Free to the public until Dec. 30 at the Brew House Arts Association on the South Side of Pittsburgh, “Buttery Spread” is an exhibit that “uses food as a starting point” to explore the roles it plays in peoples’ lives and the connections they form through it. In a range of mediums, including paintings, sculptures, fabric prints, zines, cookbooks and interactive art pieces, the exhibit’s featured artists look at food through an imaginative lens — one that encourages viewers’ joy and physical engagement.
For the exhibit’s curators, Emma Honcharski and Chas Wagner, accessibility is at the heart of their vision for “Buttery Spread.” Honcharski said the universality of food as a topic provides a starting ground for anyone to engage with the art.
“We can all participate in storytelling about food because it’s something that we all do,” Honcharski said. “You can ask anyone about a food memory and they’ll have something to say.”
Stephanie Garrison, the operations director at Brew House Arts, said while people can often put pressure on themselves when it comes to interacting with art or visiting public art spaces, the curators of “Buttery Spread” offer ways to alleviate that pressure.
“Sometimes people go into a gallery and see a painting that is abstract or they don’t have any context for it and they don’t know how to interact with it,” Garrison said. “I think [the curators] are really open to having the audience interpret this work how they want to interpret it.”
Honcharksi and Wagner also hope the playful elements of the exhibit can encourage visitors to feel comfortable personalizing their experience when visiting the gallery.

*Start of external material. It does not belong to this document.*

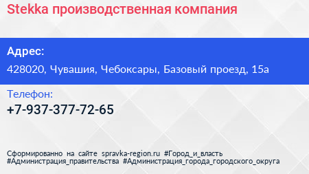 Stekka, производственная компания по адресу 428020, Чувашия, Чебоксары, Базовый проезд, 15а в дальнейшем Организация, размещена в следующих категориях:

“Having a playful element opens people up to any kind of experience and takes them out of this binary of ‘Here’s what I should be thinking about,’” Honcharski said.
Beyond making the art-viewing experience feel accessible to the public, Honcharski and Wagner have encouraged visitors to make themselves at home in the exhibit space. With a shared passion for zine culture and non-digital self-publishing, Honcharski and Wagner sectioned off a part of a corner of the gallery as a reading room. In it, visitors can sit down on a velvet couch and read a wide collection of books and zines that center food in ways that range from alternative cookbooks to short stories that come with funky food pairings for the reader to meditations on agriculture and capitalism.
Through the reading room, Honcharksi and Wagner aim to add a new element of comfort to the typical art exhibit experience.
“Galleries can be cold and can be a place where you can take a lap and leave,” Honcharski said. “There aren’t very many places where you’re just welcome to spend time there and you don’t need to buy anything.”
Garrison said the reading room is making its intended impact.
“We’ve seen a lot of visitors stay much longer in this show than we have for other ones because I think comfort and accessibility,” Garrison said. “It’s okay to stay here in the same way that you would in a library or coffee shop.”
In the short essay, “Look, Touch, Eat,” part of the “Buttery Spread” exhibit guide, co-curator Wagner writes that the luxury of taking one’s time and enjoying the exhibit space fits with the theme of savoring the subject of the art itself — food — and the experiences we create around it.
“Having the opportunity to linger longer in the Brew House Arts space — without pressure to commercially transact — evokes the feeling of a home-cooked meal, savoring time spent in a gallery,” Wagner wrote.